J’ai effectivement apporté beaucoup de protection du cheval dans le cinéma. Parce que j’aime le cheval et il est stupide de faire souffrir un animal pour faire un film. Un millimètre de la peau de mon cheval ne vaut pas un mètre de pellicule. Mais je ne peux pas jeter la pierre à ceux qui faisaient cela au début, comme tendre des câbles pour faire tomber un cheval, car la mentalité des hommes des années 30 n’était pas la même que celle des année 70. Avec Allain Bougrain-Dubourg, qui est un défenseur médiatique des animaux, nous avons réussi à faire voter une loi qui empêchait de diffuser une image de cinéma où un animal aurait souffert. Loi qui a été adoptée par les Américains.
Aujourd’hui, dès qu’un cheval apparaît dans un film, on fait appel à vous et à personne d’autre : comment avez-vous réussi ce coup ?
Au cinéma, c’est très facile de faire un premier film, mais il peut être rapidement le dernier. Je parvenais à réussir l’action exactement comme on me le demandait. Le but du producteur étant qu’il veut obtenir son image à moindres frais, le metteur en scène veut donc que ça marche au plus vite. Et comme ça marchait à peu près à tous les coups avec moi, on me rappelait à chaque fois.
Combien d’acteurs avez-vous mis à cheval ? Quels ont été les plus célèbres ?
J’ai dû mettre à peu près 90% des acteurs français en selle. Les plus célèbres sont Sophie Marceau, Jean Reno, Christian Clavier, Jean Dujardin, Alex Lutz... Mais également Matt Damon, Heath Ledger, Milla Jovovich pour Jeanne d’Arc, Salma Hayek, Penelope Cruz…
Combien de chevaux avez-vous dressé dans votre vie ?
En fait, mes chevaux sont tous dressés en premier lieu à la haute-école avant d’effectuer des cascades ou autre chose. C’est indispensable, notamment pour obtenir paradoxalement les choses les plus simples. J’ai dû en dresser à peu près trois-cents. Ils font tous aussi de l’attelage, je crois que c’est la discipline que je préfère.
Parlez-nous de cette expérience en Argentine où vous vous êtes retrouvé handicap 7 de pato : un volet inattendu et méconnu de votre riche vie d’homme de cheval ?
Cela doit remonter à… 1978, avant que le horse-ball n’existe. Nous avions monté une équipe de France de pato avec les gens de mon club.

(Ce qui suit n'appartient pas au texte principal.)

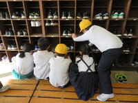 子どもたちは、教室のロッカーや児童玄関の下足箱を掃除し、気持ちよく休みを迎える準備をしていました。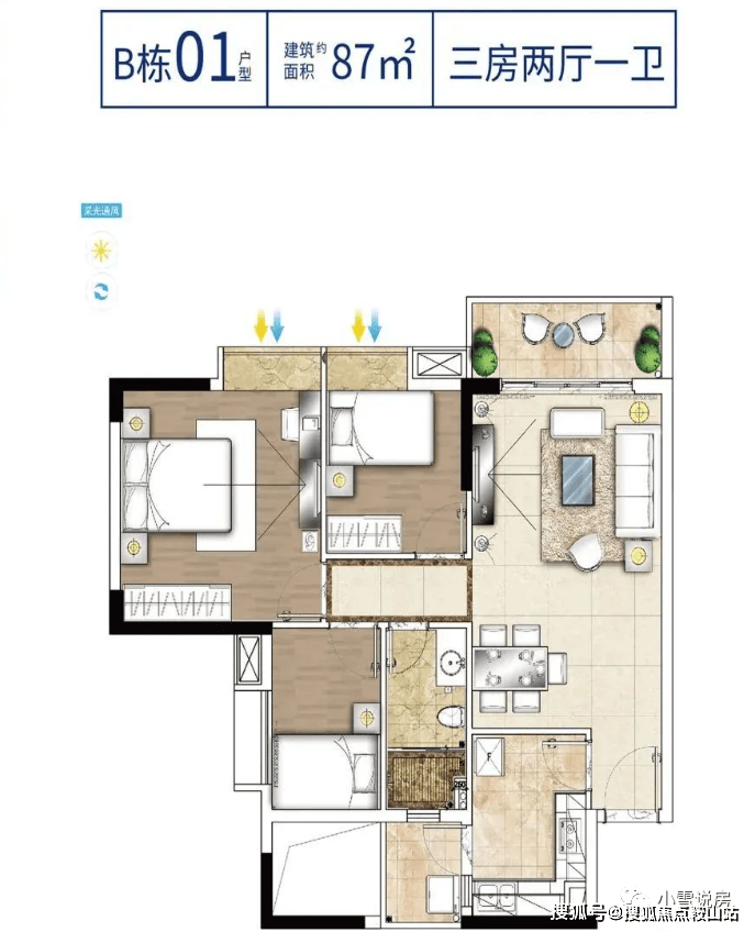 项目目前在售的是B栋,总楼层18层,在售面积约74㎡、87㎡、97㎡、109㎡、110㎡。

Nous avions préparé un terrain à côté de chez moi pour s’entrainer et avions fait une présentation au deuxième Salon du Cheval à Vincennes. Nous avons alors été invités à Palermo pour un Argentine-France. Les Argentins nous avaient prêté un bon handicap qui devait s’appeler Liborio (Liborio Cosentino, une légende de ce sport en Argentine, ndlr) grâce à qui nous n’avions perdu que 15 à 12. A la suite de ce match, la fédération argentine m’a attribué un 7 de handicap, effectivement. Mais cela fut un grand moment de fierté de représenter la France dans la Mecque du polo. En rentrant, j’ai parlé de ce sport aux frères Depons, à Bordeaux, qui ont intelligemment développé le horse-ball, qui a été créé en 1979 en France. Quelques années plus tard, les Argentins sont revenus en France pour un match de horse-ball en infligeant une lourde défaite aux Français et s’ils n’avaient pas été indulgents en fin de match, laissant leurs adversaires marquer, cela aurait pu se terminer par un 20 à 0 en leur faveur.